1

I have an Ubuntu Studio 16.10 64 bit. I created a shell script xyz.sh the path to the file is home/somefolder/test/xyz.sh I have already added

`chmod u+x xyz.sh` 

and I ran the script

./xyz.sh

It was successfull.

However, when I did a cd to go to my home directory and executed xyz.sh using

 ./xyz.sh 

I got the message bash: ./xyz.sh: No such file or directory

Despite executing the following:

PATH=$PATH:home/somefolder/test/xyz.sh

2 Answers2

4

If you've added the path correctly, you just need to call the name of the script, so xyz.sh rather than using ./xyz.sh

By using ./ you telling your shell to look in the current working directory, and run xyz.sh from there.

--

Side note, you're missing a / from the beginning of your directory path, it should be PATH=$PATH:/home/somefolder/test and you should only add the directory, not the entire executable name.

njsg
  • 13,495
3

Explicitly stating a path to an executable will make the shell try to use that path to execute the executable.

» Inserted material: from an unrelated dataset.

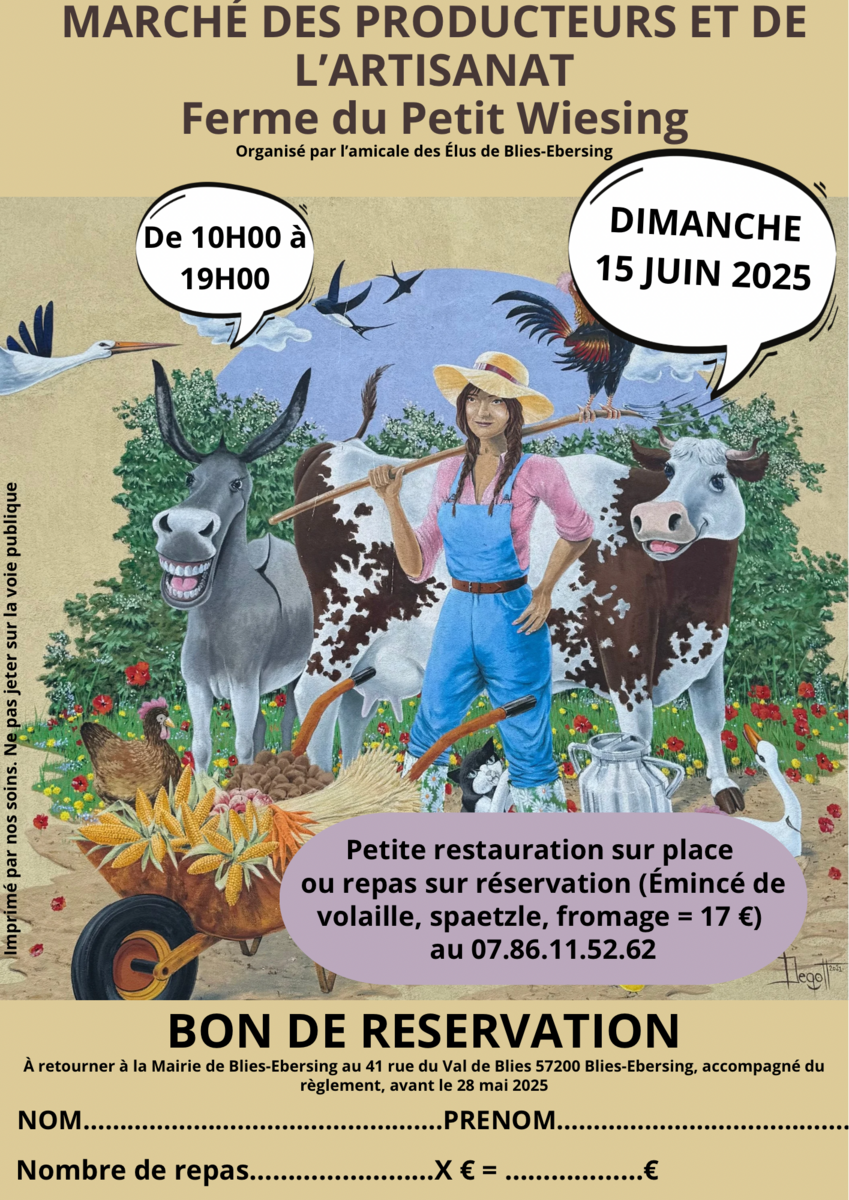 L'Amicale des Elus organise le dimanche 15 juin 2025 un marché des producteurs et de l'artisanat à la Ferme du Petit Wiesing (route de Bitche).

If saying ./myscript and if myscript is not in the current directory, then you will get a "no such file or directory" error. This does not use the $PATH variable.

The $PATH should be a :-delimited list of directories (not files) in which the shell will search for executables when no path is specified on the command line. It is a potential security risk to add the current directory (.) to the PATH variable (see "Is it safe to add . to my PATH? How come?").

Another simple solution for when you just want to have access to a single executable outside of you ordinary $PATH is to use an alias:

alias myscript=/path/to/myscript

(this goes in your shell initialization file, probably .bashrc for bash).

You should specify the full absolute path to the executable in the alias.